On 2nd February 2018, the BigDataEurope (BDE) societal challenge on transport (SC4) hosted its third and final hangout. Entitled “The Way Forward for Big Data in Transport”, the hangout presented the results of the work done in the BDE project and discussed the advancements of big data in the transport sector.

Maxime Flament (ERTICO – ITS Europe) opened the webinar and welcomed participants. He went through the agenda points and opened the first poll of the webinar, in order to identify the background of the participants. It was clear that an equal amount of software engineers, researchers, and transport experts were present, as well as some public and local authorities.

Josep Maria Salanova Grau (CERTH) then introduced the BDE project and explained how it sought to harness big data for transport. His presentation is available below.

Josep Maria Salanova Grau (CERTH) – BDE Project Introduction

This presentation was followed by the second poll, asking participants about their hesitations in using big data. For most participants, it seemed that the financial aspects of acquiring data sets was the primary worry, followed by lack of expertise in data science or related fields and privacy issues.

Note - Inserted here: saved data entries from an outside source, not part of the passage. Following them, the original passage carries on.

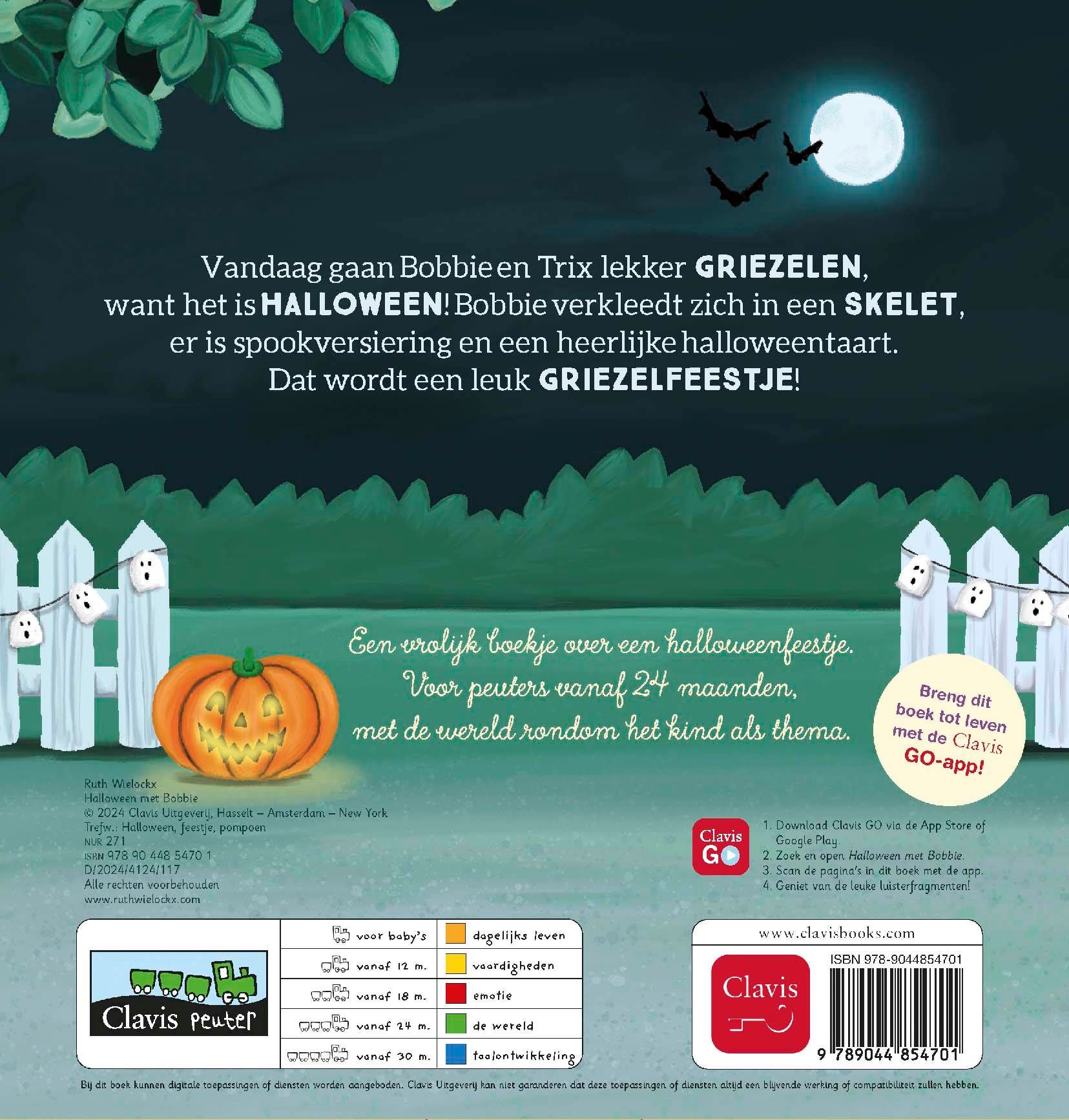 Vandaag gaan Bobbie en Trix lekker griezelen, want het is Halloween! Bobbie verkleedt zich in een skelet, er is spookversiering en een heerlijke halloweentaart. Dat wordt een leuk griezelfeestje! Een vrolijk boekje over een halloweenfeestje. Voor peuters vanaf 24 maanden, met de wereld rondom het kind als thema.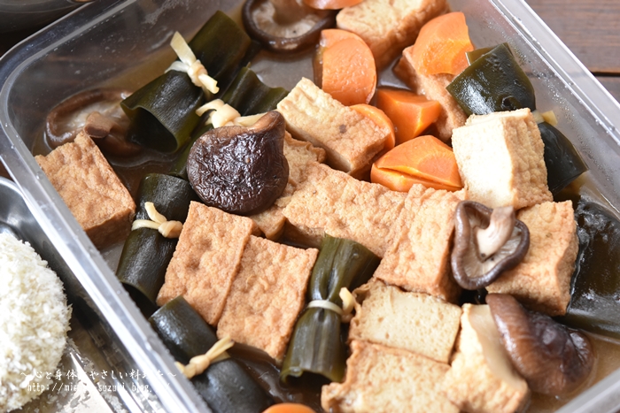 椎茸、人参、厚揚げ豆腐、昆布巻きをだし汁、お酒、みりん、醤油で炊きました。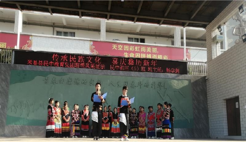米易县民族中学校是一所以少数民族学生为主体的初级中学校,学校现有教职工 131人,学生1215 人,包括彝族、汉族、傈僳族、回族等7 个民族,其中少数民族学生688人,占全校学生的 57 %。学校把民族团结进步教育贯穿于学校教育工作的各个环节,形成了具有民族特色的育人环境,在传承弘扬各民族优秀传统文化的同时,有效推动了民族团结进步示范学校创建工作。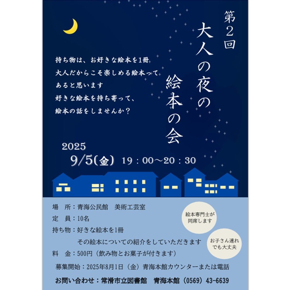 第2回 大人の夜の絵本の会 投稿日: 2025年8月 2日 青海本館 開催期間:2025年9月 5日 好きな絵本について語りませんか。お申し込みは青海本館カウンター、もしくは電話で受付中です!ぜひ、お申し込みください! 前の記事 次の記事
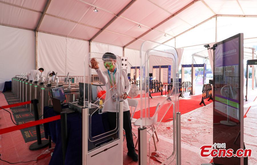 A staff member disinfects the check-in gate at the media entrance of the Hainan International Convention and Exhibition Center, the venue for the 2nd China International Consumer Products Expo in Haikou, south China's Hainan Province, July 24, 2022. (Photo: China News Service/Jia Tianyong)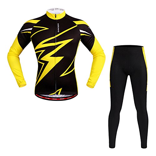 Men and Women Cycling Jersey pants Long Sleeve Jacket 3D Padded pants Set Outfit -Black with Yellow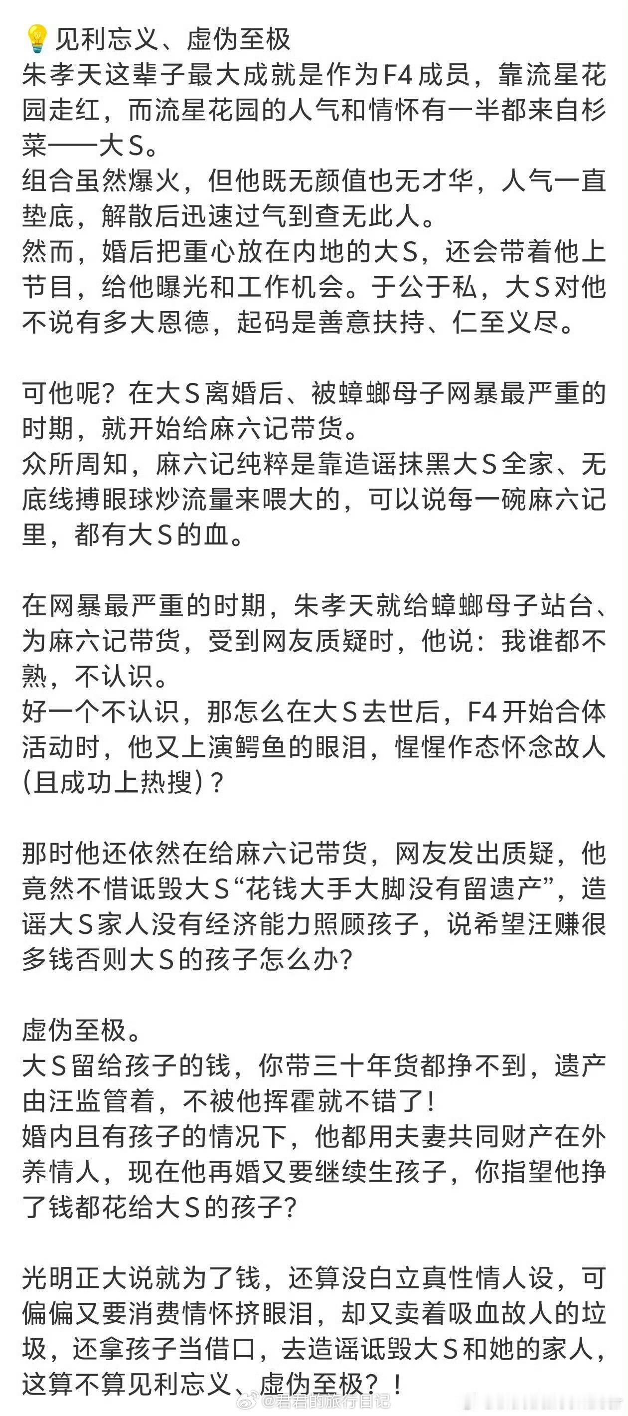 朱孝天说自己皇帝投胎 其实多看几段朱孝天以前的采访,就会发现这人仗糊行凶,靠碰瓷和造谣博关注。前嘴说的话后嘴就忘,每一个伸手表达善意的人,最后都会被他背刺
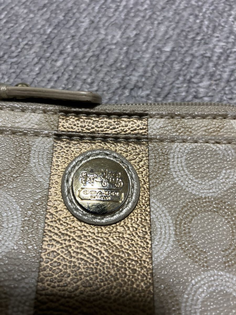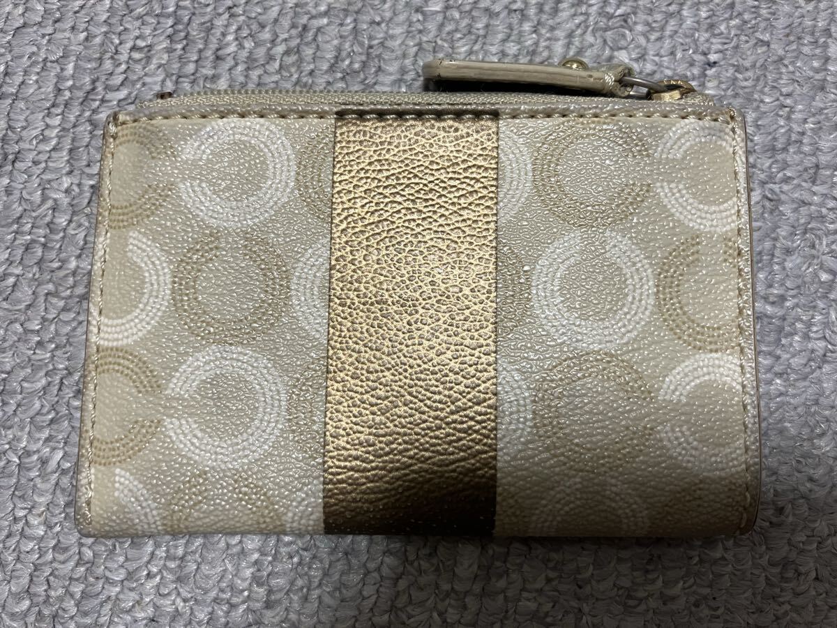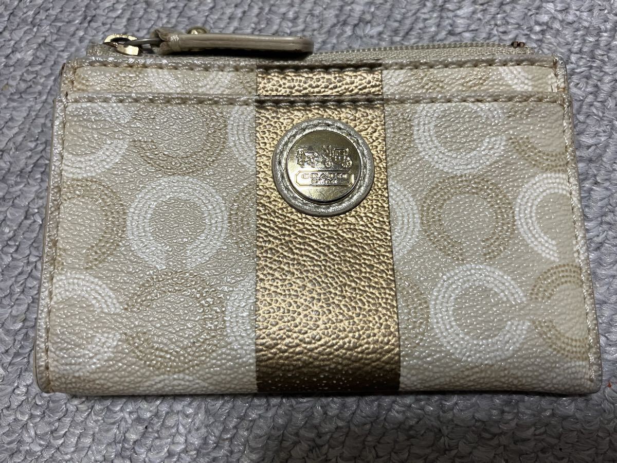 ベージュのレザー製コインケース、Coachのロゴ入り。 - ブランド: Coach - 色: ベージュ - 素材: レザー - デザイン: ロゴ入り、ストライプ - ロゴ: Coachのメタルロゴ - スタイル: コインケース

Then Maxime Flament (ERTICO – ITS Europe) gave a brief overview of the workshop that SC4 organised in September. It was the third, and final, workshop for BDE SC4. In contrast to the first workshop, which aimed to identify user needs and requirements, and the second workshop, which presented the offerings of the BDE platform and explained how it can apply to the transport pilot site in Thessaloniki, the third workshop presented the results of BDE. When the BDE project started out, integrating data into the transport sector was still a novel idea. Now it has become a game-changer with ever-increasing importance. The workshop also highlighted the need to have the right data at the right time and at the right place. More information is available in the presentation below.

Maxime Flament – BDE SC4 Third Workshop Report

Another interesting poll was launched after this presentation, showing that vehicle information is by far the most used data set amongst participants.

After this poll, Luigi Selmi (Fraunhofer IAIS) presented the Big Data Integrator Platform (BDI). The Platform is the key outcome of the BDE project. It provides an integrated stack of tools that allow large-scale data resources to be processed, analysed and published without the need for native installations of additional tools for data processing at scale. As an ecosystem of specifications and reference implementations, the BDI has tremendous potential for deployment across sectors and for a range of players in the data value chain.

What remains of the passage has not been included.